Tarboro’s Main Street is home to a healthcare facility on the National Registry of Historic Sites: the Quigless Clinic-Hospital. Started in the 1940s by Dr Milton Douglas Quigless, Sr., the clinic served Tarboro’s African-American community at a time when few medical service providers welcomed them.
Dr. Quigless and his wife opened the Quigless Clinic-Hospital just as World War II was ending. They built the clinic after Dr. Quigless was turned away from the area hospital. Segregation laws denied the doctor, and his patients, access.
Dr. and Mrs. Quigless provided the community with the healthcare that they needed, and together they ran the clinic for the next five decades.

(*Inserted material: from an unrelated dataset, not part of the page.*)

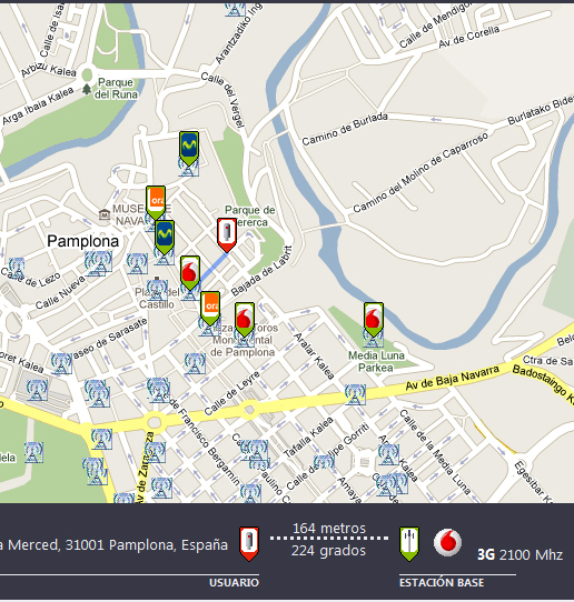 El uso es sencillísimo, tan solo tenemos que escribir la calle, o población que queramos y nos aparecerá marcada en el mapa, así como las antenas cercanas. Para ver de que compañía son, solo tenemos que pinchar encima de la antena que queramos y nos saldrá el logotipo de la compañía y la distancia e intensidad.

Mrs. Quigless and her children kept the facility working after Dr. Quigless’ death in 1997. Mrs. Quigless worked to make the hospital a Historic Site. The building has been remodeled over the years. Following Hurricane Floyd, repairs were made and the historic designation achieved. In 2000, the U.S. Department of the Interior recognized the historical significance of the Clinic’s Main Street location and it was added to the National Registry.
Dr. Quigless was inducted into the Twin County Hall of Fame in 2004. He is cited as a medical professional and a community activist.
The Quigless Clinic building is still run by the Quigless family, and serves as an natural health center with health services and alternative health products.